Tarımda uzun vadeli planlar yapamıyoruz

NAMIK ALKAN

Koronavirüsün en çok etkilediği alanların başında gıda geliyor. Tarım ekonomisinin olumsuz etkilenmesinin yanı sıra gıda fiyatları da bu süreçte oldukça yükseldi. Prof. Dr. Gökhan Özertan, Türkiye’de sebze-meyve fiyatlarının yüksek olmasının tarımsal üretim maliyetlerinin çok yüksek olmasından kaynaklandığını söyledi.

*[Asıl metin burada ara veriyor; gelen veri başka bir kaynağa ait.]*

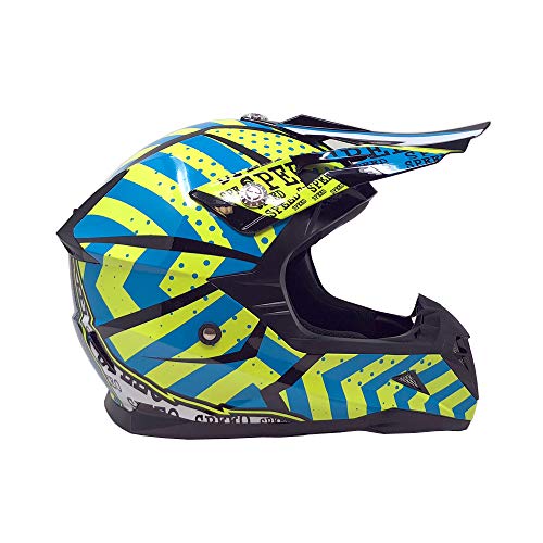 MYK 9152 Motorcycle Adults Helmet Off Road MX ATV Dirt Bike Motocross UTV, Shiny Yellow and Blue, Large

Tüketimin de maliyetli olduğunu ve orada da yapısal sorunların varlığını dikkat çeken Özertan, tarım sektöründeki sorunların bir kısmının tarım öznelinden, bir kısmının da genel ekonomik gidişattan kaynaklandığını anlattı.

Koronavirüs salgınının tarım ve hayvancılığa etkileri neler oldu?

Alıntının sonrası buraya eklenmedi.